Data block:
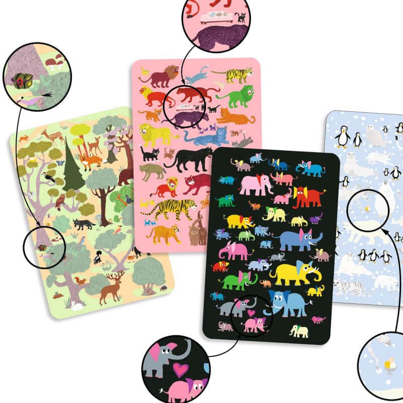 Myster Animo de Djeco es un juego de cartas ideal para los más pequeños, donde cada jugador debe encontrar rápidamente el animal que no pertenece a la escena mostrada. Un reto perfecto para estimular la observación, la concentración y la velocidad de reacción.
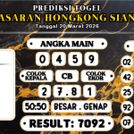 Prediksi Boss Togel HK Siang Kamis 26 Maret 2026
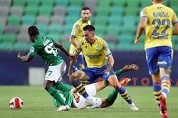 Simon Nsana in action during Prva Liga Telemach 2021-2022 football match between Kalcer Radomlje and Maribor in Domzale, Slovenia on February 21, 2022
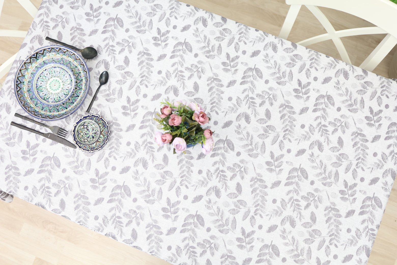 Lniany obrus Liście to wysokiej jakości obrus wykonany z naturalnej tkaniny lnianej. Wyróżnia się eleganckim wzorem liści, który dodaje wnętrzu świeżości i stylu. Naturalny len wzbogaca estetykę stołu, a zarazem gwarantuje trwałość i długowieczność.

Requirement:
Apart from the images, retype the full material exactly as written.

Your response:
 Myster Animo de Djeco es un juego de cartas ideal para los más pequeños, donde cada jugador debe encontrar rápidamente el animal que no pertenece a la escena mostrada. Un reto perfecto para estimular la observación, la concentración y la velocidad de reacción.
 Prediksi Boss Togel HK Siang Kamis 26 Maret 2026
 Simon Nsana in action during Prva Liga Telemach 2021-2022 football match between Kalcer Radomlje and Maribor in Domzale, Slovenia on February 21, 2022
 Lniany obrus Liście to wysokiej jakości obrus wykonany z naturalnej tkaniny lnianej. Wyróżnia się eleganckim wzorem liści, który dodaje wnętrzu świeżości i stylu. Naturalny len wzbogaca estetykę stołu, a zarazem gwarantuje trwałość i długowieczność.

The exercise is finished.